Если мальчишка и собирался как-то подвести беседу к ключевому вопросу, то эти слова лишают его всякого желания продолжать разговор. Но отступать ему уже некуда. Невилл садится на свободный табурет и смотрит куда угодно, только не в глаза Барти.
– Я никогда не понимал, – наконец говорит мальчишка, так тихо, что Крауч едва может расслышать, – зачем кому-то… зачем кому-то пытать другого Круциатусом до потери рассудка. Я до сих пор не понимаю.
Барти начинает слабо подозревать, что впустить Лонгботтома в кабинет было плохой идеей. Он в задумчивости касается палочкой пустых чашек, наполняя их горячим чаем. Ему ничего не приходит на ум в первые несколько секунд, но в Британии чай может исправить любую ситуацию. Барти пользуется им как бюджетным Феликс Фелицисом – во всех экстренных случаях.
Настоящий Грозный Глаз не отослал бы ученика прочь после такого. Кто угодно – МакГонагалл, Дамблдор, Спраут, но не Грозный Глаз Грюм.
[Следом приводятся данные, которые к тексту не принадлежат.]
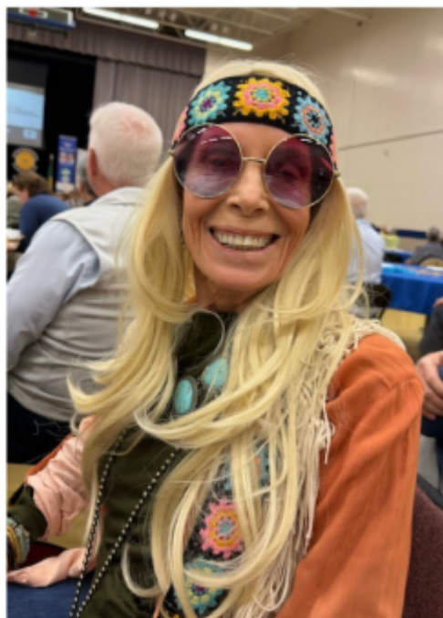
Roswell High School Skipper Hoke Award

– Если ты хоть раз интересовался подробностями, ты должен знать.
– Мне… никогда не рассказывали подробностей, – тихо признается Невилл. – Я спрашивал, но мне никогда не рассказывали. Недоговаривали или… уходили от ответа…
– Понятно, – негромко произносит Барти. Тишина повисает в кабинете – пронзительная, неправильная и правильная одновременно; детектор лжи все еще беспокоится, но это уже не из-за Лонгботтома, это из-за обмана Оборотного зелья. – И ты хочешь правды.
Невилл медлит, но кивает. И в первый раз с начала разговора прямо встречает взгляд Барти – пусть уже через мгновение и отводит глаза.
– Это не самая приятная правда, – сухо предупреждает Крауч. – Я считаю, что ты должен ее знать, но это твое дело. Только твое.
Невилл смотрит на него так, будто толком не понимает, для чего Барти говорит все это.
– Ты можешь уйти, – подсказывает Барти.
– Как я могу уйти?
Фраза вырывается у мальчишки явно против воли, но Барти только беззвучно хмыкает. Забавно – из всех студентов курса именно бездарный идиот Невилл Лонгботтом раньше всех прочих понял, для чего на самом деле был нужен этот первый урок со всеми тремя Непростительными. Понял по-настоящему.
Первое Непростительное – на всю жизнь…
Тишина длится так долго, что Лонгботтом, уже не ожидавший ответа, вздрагивает от неожиданности, когда слышит чужой голос.
– Ты хорошо представляешь себе Британию в восемьдесят первом?
Невилл неуверенно поднимает голову.
– Ну, я знаю, что шла война…
– Война кончилась, – перебивает его Барти. – Восемьдесят первый год. Месяц назад авроры боялись ночевать дважды в одном и том же доме. Каждого преследовал один и тот же ночной кошмар – Метка над тем убежищем, где они прятали свою семью. Родные братья не доверяли друг другу, потому что любой мог оказаться Пожирателем смерти или их союзником. Одно неосторожное слово приводило к смерти. Каждый выпускник Хогвартса знал, как использовать Аваду, даже когда она была запрещена. Война не «шла», Лонгботтом. Каждый человек в Британии жил этой войной. Представь это. Хорошо представь.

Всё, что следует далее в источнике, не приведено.